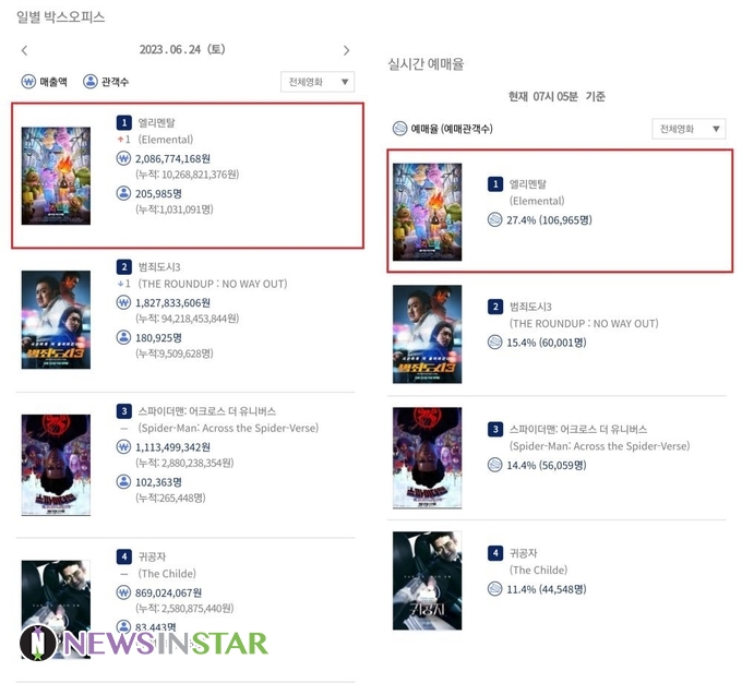 디즈니·픽사 영화 <엘리멘탈 >이 바로 어제(24일) 극장가 쟁쟁한 화제작과 신작들을 뛰어넘고 전체 박스오피스 1위를 기록했다. 개봉과 동시에 동시기 박스오피스 1위, 6월 개봉작 중 박스오피스 1위를 수성하며 흥행 역주행을 일으키고 있는 <엘리멘탈>은 마침내 전체 박스오피스 1위에 등극하며 극장가 최고 흥행 신드롬의 주역임을 입증했다.
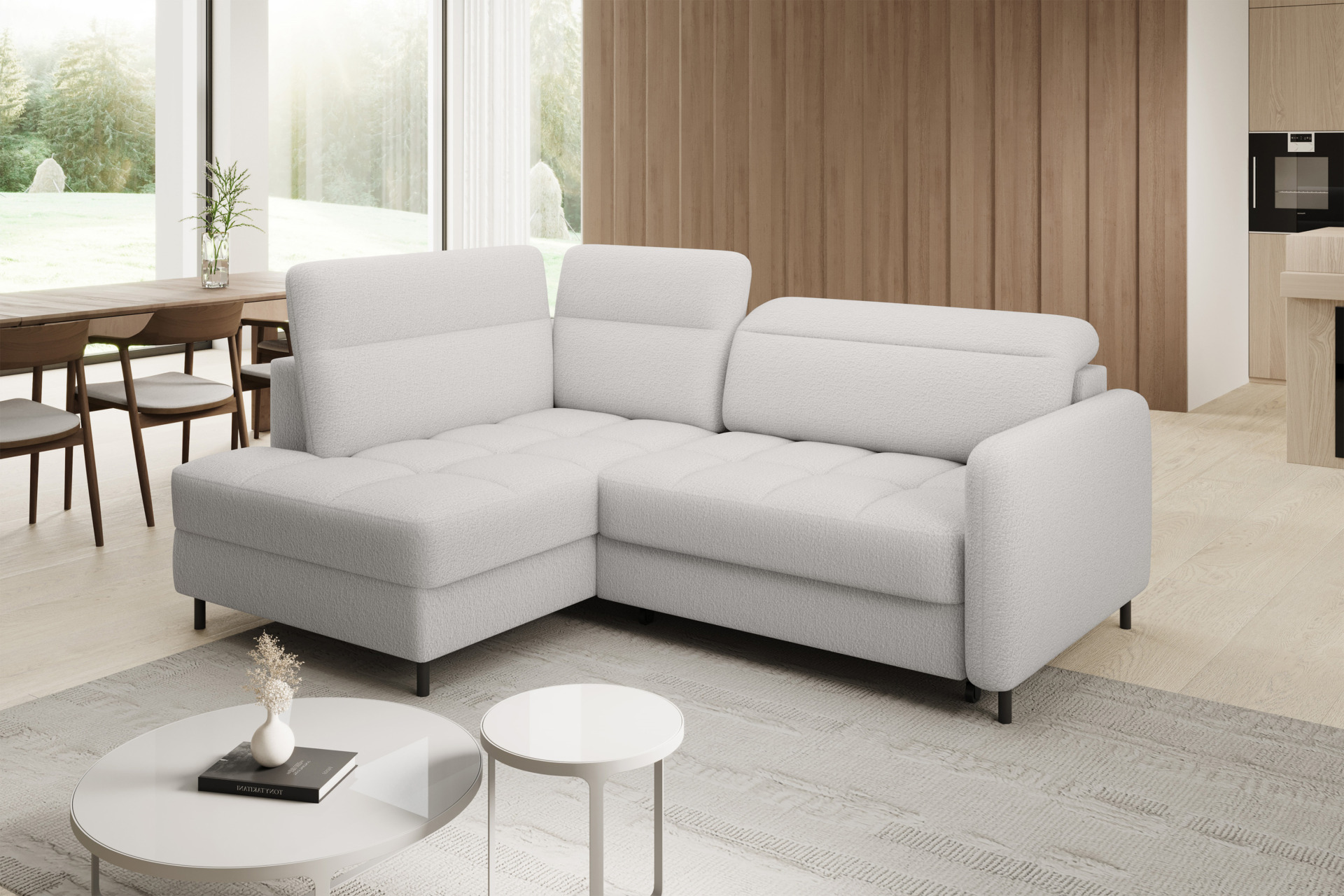„Barea“ kampinė sofa – elegantiškas ir funkcionalus, 208x160x100 cm dydžio baldas su reguliuojamais galvos atramomis ir 10 cm aukščio juodomis metalinėmis kojelėmis. Tvirta konstrukcija, pagaminta iš aukštos kokybės medžiagų, užtikrina ilgaamžiškumą, o kruopščiai suformuota sėdynė ir atlošas garantuoja komfortą ir tinkamą nugaros atramą. Modernus „Barea“ kampinės sofos dizainas puikiai tinka tiek minimalistiniam, tiek rafinuotesniam interjerui. Galima rinktis iš įvairių audinių ir spalvų, ji yra estetiškai patraukli ir funkcionali, idealiai tinka kasdieniam poilsiui ir svečių priėmimui.
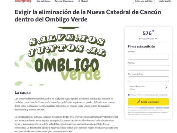 Alcanza 576 Firmas la Petición en Change.org Contra Construcción de Catedral en el Ombligo Verde de Cancún

Exercise: Copy exactly the lines running from the line with "ir svečių priėmimui." to the final line of the listing, keeping both ends and dropping any picture.

Exercise answer:
„Barea“ kampinė sofa – elegantiškas ir funkcionalus, 208x160x100 cm dydžio baldas su reguliuojamais galvos atramomis ir 10 cm aukščio juodomis metalinėmis kojelėmis. Tvirta konstrukcija, pagaminta iš aukštos kokybės medžiagų, užtikrina ilgaamžiškumą, o kruopščiai suformuota sėdynė ir atlošas garantuoja komfortą ir tinkamą nugaros atramą. Modernus „Barea“ kampinės sofos dizainas puikiai tinka tiek minimalistiniam, tiek rafinuotesniam interjerui. Galima rinktis iš įvairių audinių ir spalvų, ji yra estetiškai patraukli ir funkcionali, idealiai tinka kasdieniam poilsiui ir svečių priėmimui.
 Alcanza 576 Firmas la Petición en Change.org Contra Construcción de Catedral en el Ombligo Verde de Cancún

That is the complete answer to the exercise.